Task input
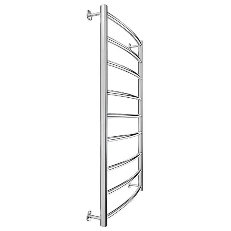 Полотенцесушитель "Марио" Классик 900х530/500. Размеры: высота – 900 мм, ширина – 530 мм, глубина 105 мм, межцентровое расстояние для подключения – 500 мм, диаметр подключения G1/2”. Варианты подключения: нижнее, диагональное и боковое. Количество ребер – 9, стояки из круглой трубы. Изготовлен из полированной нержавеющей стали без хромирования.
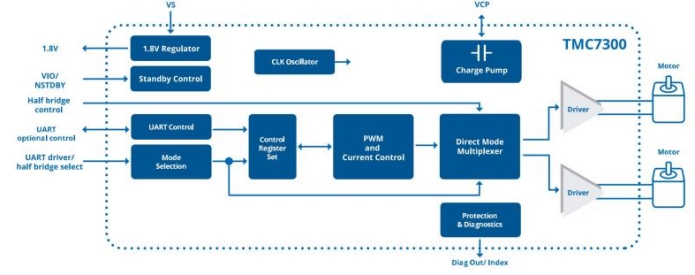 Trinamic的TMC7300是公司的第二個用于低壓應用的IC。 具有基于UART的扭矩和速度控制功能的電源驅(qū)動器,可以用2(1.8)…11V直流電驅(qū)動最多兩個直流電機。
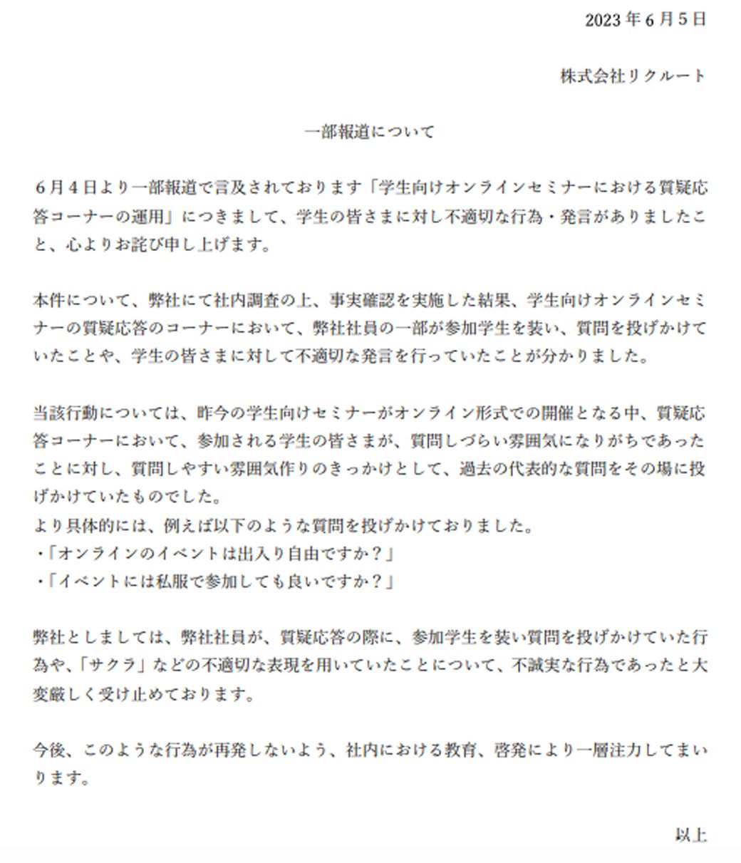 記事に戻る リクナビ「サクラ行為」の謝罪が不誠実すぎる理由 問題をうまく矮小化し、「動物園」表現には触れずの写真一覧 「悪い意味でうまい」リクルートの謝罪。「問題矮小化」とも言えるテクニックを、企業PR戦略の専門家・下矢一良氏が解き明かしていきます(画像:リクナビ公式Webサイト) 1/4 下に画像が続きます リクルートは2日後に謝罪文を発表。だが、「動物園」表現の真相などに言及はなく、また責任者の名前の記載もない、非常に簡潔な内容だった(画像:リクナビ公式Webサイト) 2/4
--
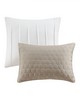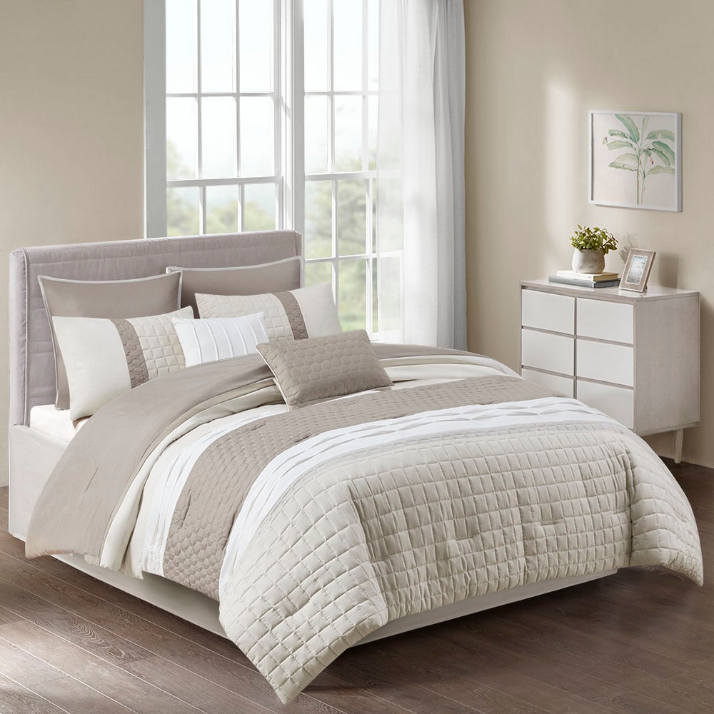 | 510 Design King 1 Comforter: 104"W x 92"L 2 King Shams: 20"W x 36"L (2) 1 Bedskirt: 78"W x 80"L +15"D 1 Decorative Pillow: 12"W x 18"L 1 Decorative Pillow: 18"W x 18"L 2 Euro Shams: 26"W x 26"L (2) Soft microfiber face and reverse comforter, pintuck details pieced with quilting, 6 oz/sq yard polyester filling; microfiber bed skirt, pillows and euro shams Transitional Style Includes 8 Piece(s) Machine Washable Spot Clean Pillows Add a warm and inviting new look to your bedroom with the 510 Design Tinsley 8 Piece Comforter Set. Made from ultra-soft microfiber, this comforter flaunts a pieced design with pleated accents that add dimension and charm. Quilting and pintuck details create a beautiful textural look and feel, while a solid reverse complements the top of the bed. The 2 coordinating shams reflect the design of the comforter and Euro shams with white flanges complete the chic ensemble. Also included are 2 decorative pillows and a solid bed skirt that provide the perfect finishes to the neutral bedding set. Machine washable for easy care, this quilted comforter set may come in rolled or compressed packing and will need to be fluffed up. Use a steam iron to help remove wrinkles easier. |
--
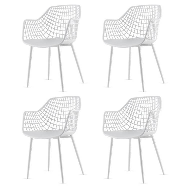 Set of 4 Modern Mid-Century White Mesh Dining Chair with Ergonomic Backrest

Exercise brief
Out of the records above, return only the lines from the one with "стали без хромирования." through the one with "記事に戻る リクナビ「サクラ行為」の謝罪が不誠実すぎる理由 問題をうまく矮小化し、「動物園」表現には触れずの写真一覧", exactly, and none of the pictures.

The completed task
 Полотенцесушитель "Марио" Классик 900х530/500. Размеры: высота – 900 мм, ширина – 530 мм, глубина 105 мм, межцентровое расстояние для подключения – 500 мм, диаметр подключения G1/2”. Варианты подключения: нижнее, диагональное и боковое. Количество ребер – 9, стояки из круглой трубы. Изготовлен из полированной нержавеющей стали без хромирования.
 Trinamic的TMC7300是公司的第二個用于低壓應用的IC。 具有基于UART的扭矩和速度控制功能的電源驅(qū)動器,可以用2(1.8)…11V直流電驅(qū)動最多兩個直流電機。
 記事に戻る リクナビ「サクラ行為」の謝罪が不誠実すぎる理由 問題をうまく矮小化し、「動物園」表現には触れずの写真一覧 「悪い意味でうまい」リクルートの謝罪。「問題矮小化」とも言えるテクニックを、企業PR戦略の専門家・下矢一良氏が解き明かしていきます(画像:リクナビ公式Webサイト) 1/4 下に画像が続きます リクルートは2日後に謝罪文を発表。だが、「動物園」表現の真相などに言及はなく、また責任者の名前の記載もない、非常に簡潔な内容だった(画像:リクナビ公式Webサイト) 2/4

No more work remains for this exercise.